Recorded information START
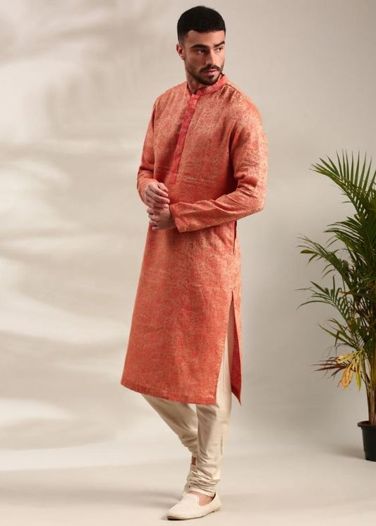 Orange Silk Jaquard Kurta Set - MMK0596
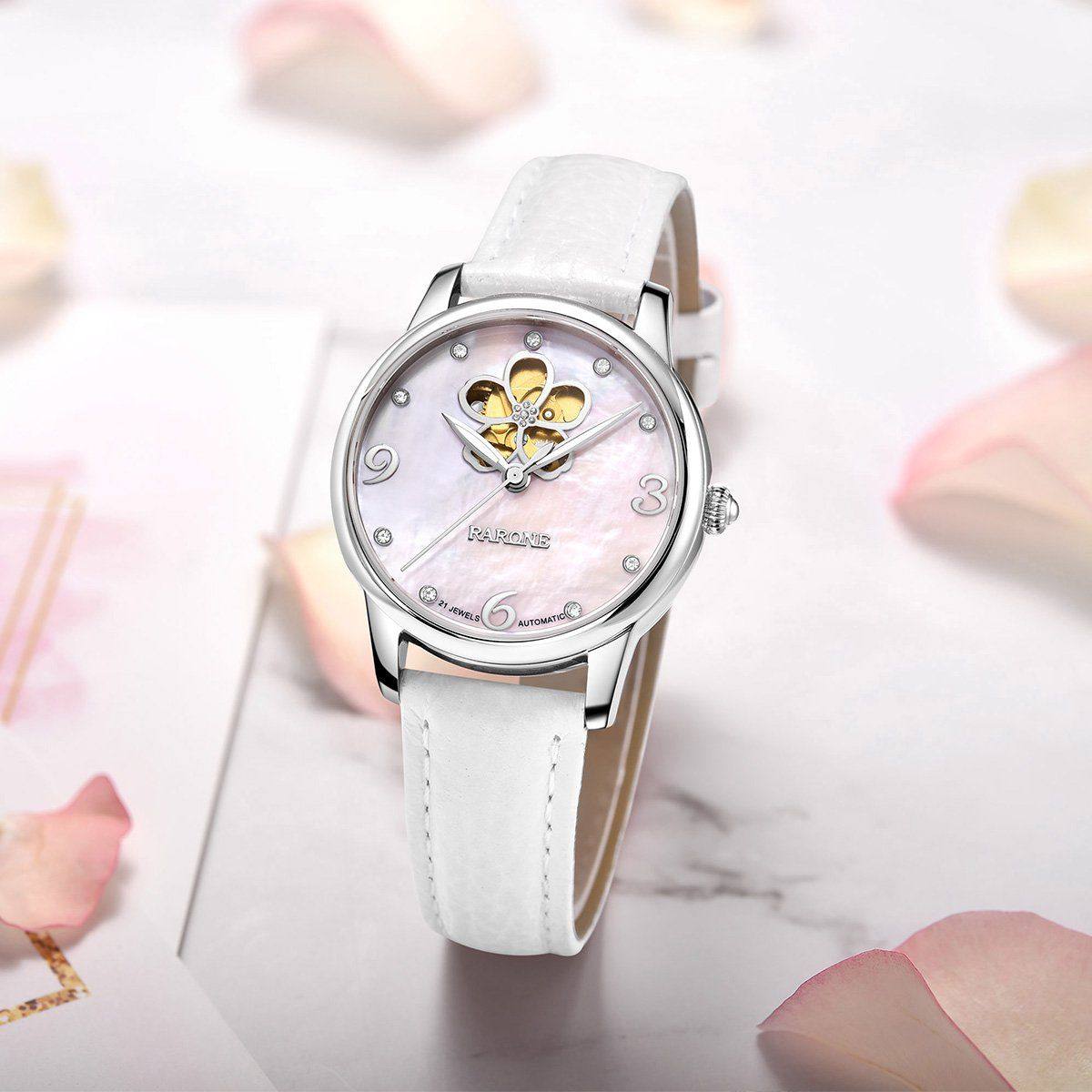 【新年礼物】Rarone雷诺手表女士全自动机械机芯腕表贝母表盘镂空
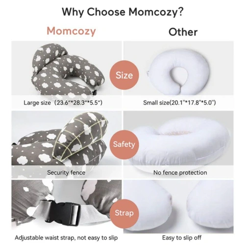 Възглавницата за кърмене Momcozy е създадена да осигури максимален комфорт както за майката, така и за бебето. Тя подпомага правилната стойка по време на кърмене или хранене с шише, облекчава натоварването в раменете и врата и улеснява ежедневието на всяка майка.
Recorded information END
Exercise details:
Transcribe the preceding listing in its entirety and with exact wording, leaving out pictures.

Exercise response:
 Orange Silk Jaquard Kurta Set - MMK0596
 【新年礼物】Rarone雷诺手表女士全自动机械机芯腕表贝母表盘镂空
 Възглавницата за кърмене Momcozy е създадена да осигури максимален комфорт както за майката, така и за бебето. Тя подпомага правилната стойка по време на кърмене или хранене с шише, облекчава натоварването в раменете и врата и улеснява ежедневието на всяка майка.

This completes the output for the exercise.